L’Aiel éclata de rire.

— Ça n’a rien à voir avec ce que tu as fait ou pas fait…

— Que veux-tu dire ? Je t’ai libéré de cette fichue cage, et c’est pour ça que tu m’as suivi.

— C’est pour ça que j’ai commencé à te suivre, corrigea Gaul. Mais pas que je suis resté avec toi. Bon, ne sommes-nous pas ici pour chasser ?

Perrin acquiesçant, Gaul releva son voile.

S’éloignant du dôme, les deux hommes se dirigèrent vers la structure qui se dressait dans le lointain. Entre la lisière du dôme et son centre, il y avait une sacrée distance, mais Perrin ne voulait pas prendre le risque de « sauter » et de se faire surprendre. Du coup, ils marchèrent, traversant une plaine herbeuse semée çà et là de bosquets.

Il leur fallut une heure pour apercevoir le mur d’enceinte de la Tour Noire. Haut et imposant, il ressemblait à celui d’une ville fortifiée.

Comme s’il s’attendait à être criblé de flèches ou foudroyé à chaque pas, Gaul regardait sans cesse autour de lui. Perrin, lui, était beaucoup plus détendu. Dans le rêve, ce mur ne serait pas gardé, donc il n’y avait aucun risque. Et si Tueur était bien ici, il se tapissait sans doute au cœur du complexe, au centre du dôme – où il avait sûrement mis en place un piège.

Une main sur l’épaule de Gaul, Perrin les propulsa tous les deux en haut du mur. Aussitôt arrivé, l’Aiel se ramassa sur lui-même et alla explorer un poste de garde couvert.

Campé au bord du chemin de ronde, côté intérieur, Perrin découvrit le complexe. Pour l’heure, la Tour Noire était beaucoup moins imposante que le laissait penser sa muraille. Mais un vaste chantier s’étendait derrière un village de cabanes et de petites maisons…

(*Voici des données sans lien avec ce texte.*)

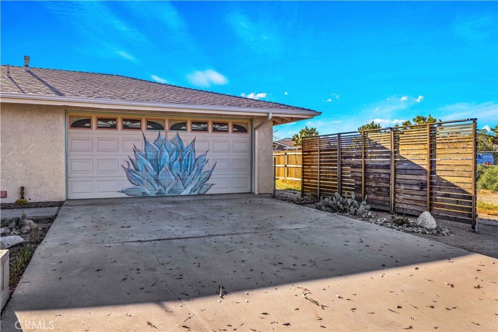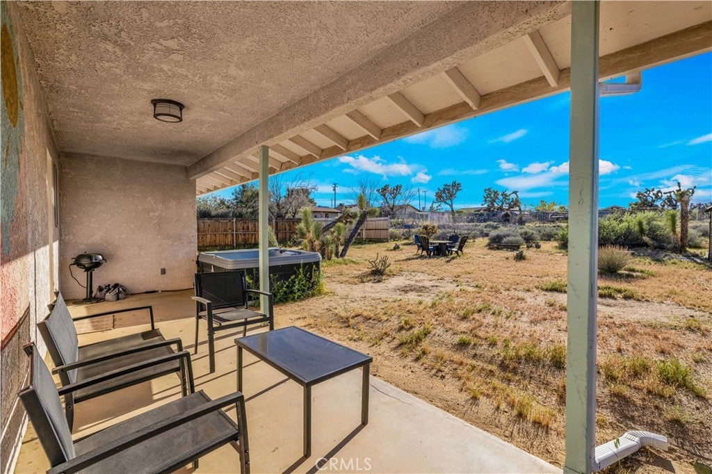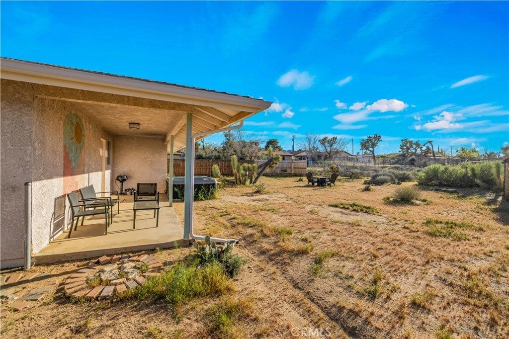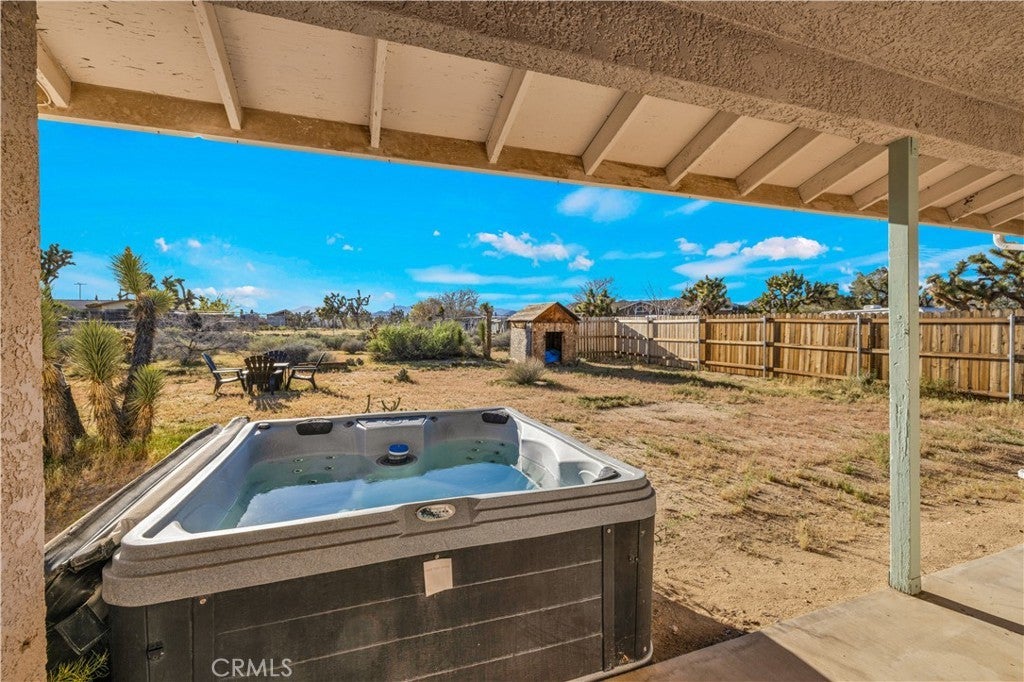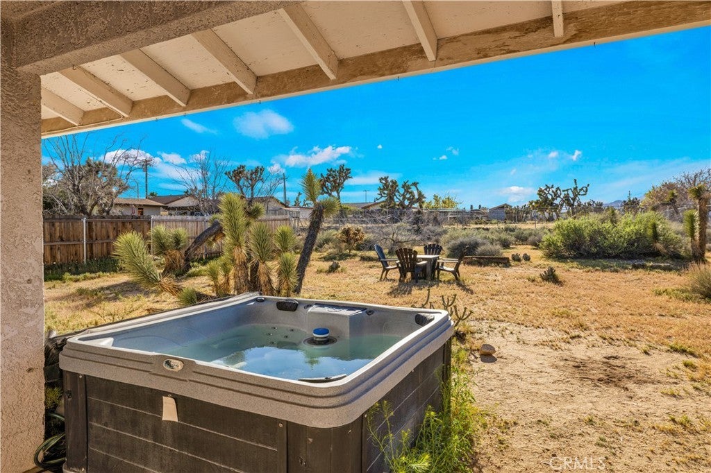 Beautifully fully remodeled 2-bedroom, 2-bath home in the heart of Yucca Valley, offering style, comfort, and an unbeatable location. This adorable home has everything you need, from a spacious yard to modern upgrades throughout. As you approach the property, you’ll appreciate the long driveway leading to the attached two-car garage, providing plenty of parking and convenience. Step inside and you’ll immediately notice the polished concrete floors that flow throughout the home, creating a clean and modern feel. The open-concept layout features a fully remodeled kitchen that flows seamlessly into the living and dining areas, complete with stainless steel appliances, ample counter space, and plenty of storage. The living room is generously sized and includes a ductless mini-split system for efficient heating and cooling. Both bedrooms are large and comfortable, with the guest bathroom featuring a floating vanity and shower-tub combo, while the primary bathroom includes a stylish walk-in tile shower. The attached two-car garage offers added functionality with laundry hookups, a utility sink, and additional storage space. Step outside to the back patio where you’ll find a large fenced backyard, perfect for relaxing or entertaining. Enjoy the above-ground spa and take in the beautiful western views, creating the perfect setting for desert evenings. This home is move-in ready and offers the perfect blend of modern upgrades and location. Schedule your showing today before it’s gone.

— Ils sont arrogants, tu ne trouves pas ? demanda une voix féminine.

Perrin sursauta, se retourna, fit apparaître son marteau entre ses mains et érigea un mur de briques autour de lui pour se protéger.

Le dos bien droit pour paraître plus grande, une jeune femme aux cheveux argentés, assez petite, se tenait à côté de lui. Vêtue d’une tenue blanche serrée à la taille par une ceinture d’argent, elle ne disait rien à Perrin, mais il reconnut son odeur.

— Chasseuse de Lune…, grogna Perrin. Lanfear.

— Ce nom, je n’ai plus le droit de l’utiliser. Il est si strict sur ces points-là.

Alors que la Rejetée tapotait son mur d’un index, Perrin recula et regarda autour de lui. Lanfear travaillait-elle avec Tueur ?

Sortant du poste de garde, Gaul se pétrifia. Perrin leva une main pour lui faire signe de rester où il était. Pourrait-il sauter jusqu’à Gaul et les décaler avant que la Rejetée attaque ?

— Chasseuse de Lune ? répéta Lanfear. C’est ainsi que les loups m’appellent ? C’est tout à fait faux ! Je ne chasse pas la lune, parce qu’elle m’appartient déjà.

Elle se pencha et s’accouda aux créneaux.

— Que veux-tu ? demanda Perrin.

— Me venger… Comme toi, Perrin.

— Dois-je comprendre que tu veux la peau de Tueur ?

— Tueur ? Ce rejeton errant de Moridin ? Il ne m’intéresse pas. Ma vengeance vise quelqu’un d’autre.